## Work order
Here is the task for the listing below: output exactly the lines from the one containing "LA SOMBRA LARGA, CUARTA" through the one containing "飯店的設施也非常簡單,沒有額", and leave out the pictures.

## Records supplied
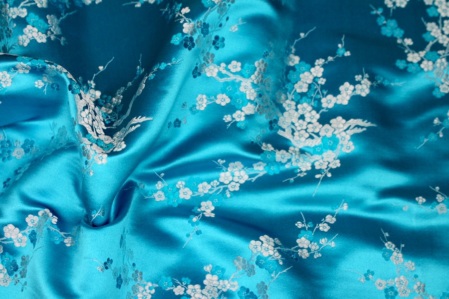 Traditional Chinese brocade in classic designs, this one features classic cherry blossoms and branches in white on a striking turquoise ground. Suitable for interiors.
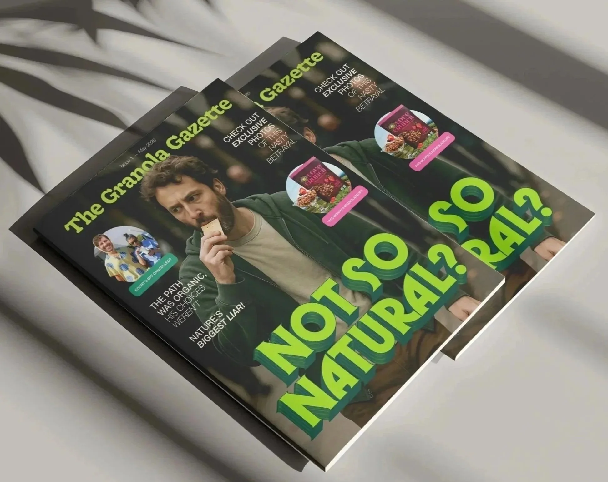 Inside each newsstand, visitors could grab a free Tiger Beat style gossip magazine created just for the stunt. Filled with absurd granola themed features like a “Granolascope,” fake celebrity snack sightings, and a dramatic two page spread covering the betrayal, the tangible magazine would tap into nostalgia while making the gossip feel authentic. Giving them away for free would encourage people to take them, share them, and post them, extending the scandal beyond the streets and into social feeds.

==

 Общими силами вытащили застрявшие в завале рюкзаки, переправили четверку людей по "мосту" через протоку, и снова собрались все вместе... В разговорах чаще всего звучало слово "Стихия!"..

--

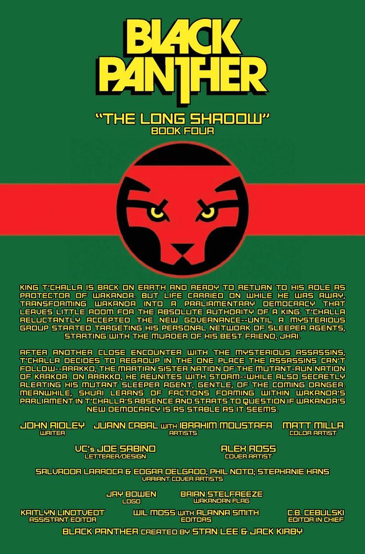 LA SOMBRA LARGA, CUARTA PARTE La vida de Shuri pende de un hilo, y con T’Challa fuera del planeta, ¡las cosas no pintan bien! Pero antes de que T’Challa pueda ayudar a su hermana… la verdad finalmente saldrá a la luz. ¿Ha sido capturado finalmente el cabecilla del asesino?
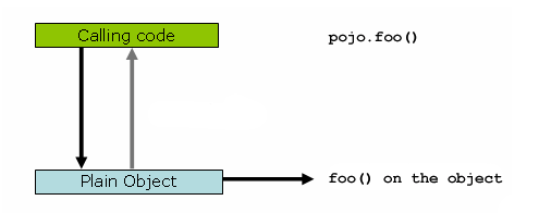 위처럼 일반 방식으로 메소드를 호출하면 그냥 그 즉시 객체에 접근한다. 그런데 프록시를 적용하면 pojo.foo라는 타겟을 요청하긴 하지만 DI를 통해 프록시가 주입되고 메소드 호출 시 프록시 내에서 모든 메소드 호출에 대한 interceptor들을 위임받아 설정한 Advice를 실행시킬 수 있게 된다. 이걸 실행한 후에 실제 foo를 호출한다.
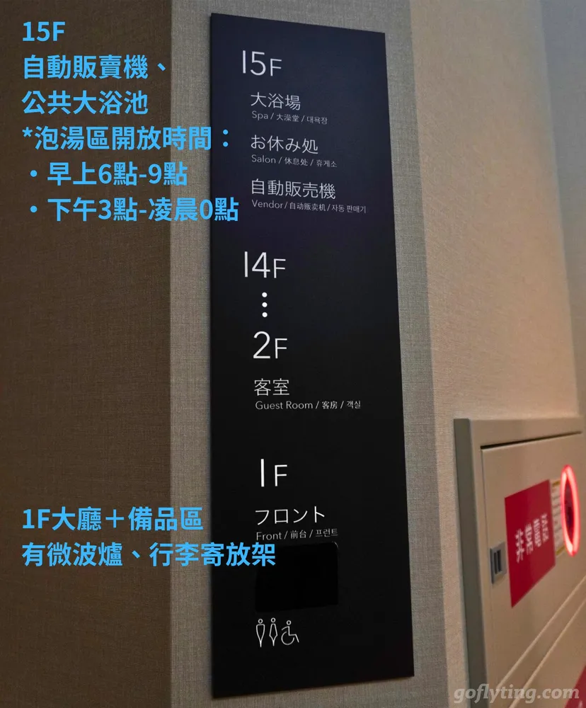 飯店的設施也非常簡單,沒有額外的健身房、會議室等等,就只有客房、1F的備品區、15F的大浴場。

## Result of the exercise
 LA SOMBRA LARGA, CUARTA PARTE La vida de Shuri pende de un hilo, y con T’Challa fuera del planeta, ¡las cosas no pintan bien! Pero antes de que T’Challa pueda ayudar a su hermana… la verdad finalmente saldrá a la luz. ¿Ha sido capturado finalmente el cabecilla del asesino?
 위처럼 일반 방식으로 메소드를 호출하면 그냥 그 즉시 객체에 접근한다. 그런데 프록시를 적용하면 pojo.foo라는 타겟을 요청하긴 하지만 DI를 통해 프록시가 주입되고 메소드 호출 시 프록시 내에서 모든 메소드 호출에 대한 interceptor들을 위임받아 설정한 Advice를 실행시킬 수 있게 된다. 이걸 실행한 후에 실제 foo를 호출한다.
 飯店的設施也非常簡單,沒有額外的健身房、會議室等等,就只有客房、1F的備品區、15F的大浴場。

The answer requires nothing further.